The method of instrumental variables offers a way of handling this problem. Letting the instrumental variable be denoted as $$z_k$$, we need for it to have these properties:

• Assumption 1: $$E(\mathbf{z'\epsilon})=0$$

• Assumption 2: And, for the following linear relationship,

(9)$$$\mathbf{x_K}=\delta_0 + \delta_2 \mathbf{x_2}+\ldots+ \delta_{K-1} \mathbf{x_{K-1}}+\theta_K \mathbf{z_K} + \mathbf{r}$$$

where $$E(\mathbf{r_k})=0$$ and is uncorrelated with the right hand side variables. We need for $$\theta_1$$ to be non-zero, for $$\mathbf{z_K}$$ to be valid instrument. This is something like saying $$\mathbf{z_K}$$ is partially correlated with $$\mathbf{x_K}$$ after netting out the effects of $$\mathbf{x_1,\ldots,x_{K-1}}$$.

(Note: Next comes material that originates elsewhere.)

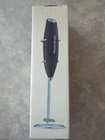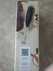 Handheld stainless steel milk frother with stand from Peach Street's Mango Collection. Brand new, never taken out of packaging. Takes AA batteries. Easy to clean! Black and silver, 1.5"x1.5"x9.25"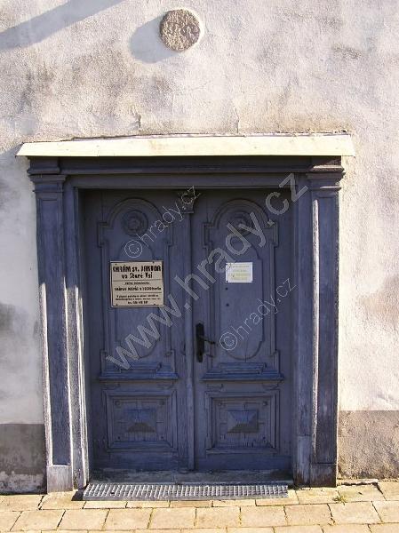 dřevěná vrata bočního vchodu do kostela

When $$\mathbf{z_K}$$ satisfies these conditions, it is called an Instrumental Variable (IV) candidate for $$\mathbf{x_K}$$. The next step is understanding how one uses this structure for estimating the parameters of interest ($$\mathbf{\beta}$$). One option is to drop our endogenous variable ($$\mathbf{x}_k$$) and replace it with our IV variable ($$\mathbf{z}_k$$), and then estimate an OLS model.

### Using the IV¶

Define the matrix $$\mathbf{z}$$ as

$\begin{split}$$\mathbf{z} = \begin{bmatrix} 1 & x_{12} & \ldots & x_{1,K-1} & z_{1,K} \\ \vdots & \vdots & \vdots & \vdots & \vdots \\ 1 & x_{i2} & \ldots & x_{i,K-1} & z_{i,K} \\ \vdots & \vdots & \vdots & \vdots & \vdots \\ 1 & x_{N2} & \ldots & x_{N,K-1} & z_{N,K} \\ \end{bmatrix} = \begin{bmatrix} \mathbf{1} & \mathbf{x}_2 &\ldots & \mathbf{x}_{K-1} & \mathbf{z}_K \end{bmatrix}$$\end{split}$

Notice, in doing this we have done a drop-in-replacement of $$\mathbf{x}_k$$ with $$\mathbf{z}_k$$

So how do we use the IV (found in $$\mathbf{z}$$) to estimate $$\beta$$? One idea is to define $$\mathbf{b}^{iv}$$ as $$\mathbf{(z'z)^{-1}z'y}$$. Since we have already established that $$\mathbf{z}_k$$ is exogenous and correlated with $$\mathbf{x}_k$$ even after controlling for all of the other exogenous information at hand. What are the properties of such an estimator? To examine this, substitute the “Relevancy equation” into our original estimating equation:

$\begin{split}\begin{eqnarray} \mathbf{y}&=&\beta_0 + \beta_2 \mathbf{x}_2 + \ldots + \beta_{K-1} \mathbf{x}_{K-1} \nonumber \\ & &+ \beta_K (\delta_1 + \delta_2 \mathbf{x}_2 + \ldots + \delta_{K-1} \mathbf{x}_{K-1} + \theta_K \mathbf{z}_K + \mathbf{r}) + \epsilon \\ &=& (\beta_0 + \beta_K \delta_1) + (\beta_2 + \beta_K \delta_2) \mathbf{x}_2 + \ldots + (\beta_{K-1} + \beta_{K} \delta_{K-1}) \mathbf{x}_{K-1} \nonumber \\ & &+ (\beta_K \theta_K)\mathbf{z}_k + (\beta_K \mathbf{r}_k+\epsilon)\\ &=&\alpha_0 + \alpha_2 \mathbf{x}_2 + \ldots + \alpha_{K-1} \mathbf{x}_{K-1} + \alpha_K \mathbf{z}_k + \mathbf{v} \end{eqnarray}\end{split}$

If we run this regression, we obtain estimates defined as $$\mathbf{a} = \mathbf{(z'z)^{-1}z'y}$$. From this we can see that by substituting our Instrumental Variable in as a proxy variable in for $$\mathbf{x}_K$$ and recovering parameters $$\mathbf{a}$$ will give you estimates where:

• $$\alpha_k \neq \beta_k$$ for every parameter you estimate, not just the endogenous one, $$\beta_K$$. For example, $$\alpha_0 = \beta_0 + \beta_K \delta_1 \neq \beta_0$$

• The variance/covariance matrix of the errors ($$\mathbf{v}$$) is not $$~N(0,\sigma^2\mathbf{I})$$

Consequently, for $$\mathbf{a} = \mathbf{(z'z)^{-1}z'y}$$,

• Given that $$E[\mathbf{a}] \neq \beta$$, so this is not a good IV estimator.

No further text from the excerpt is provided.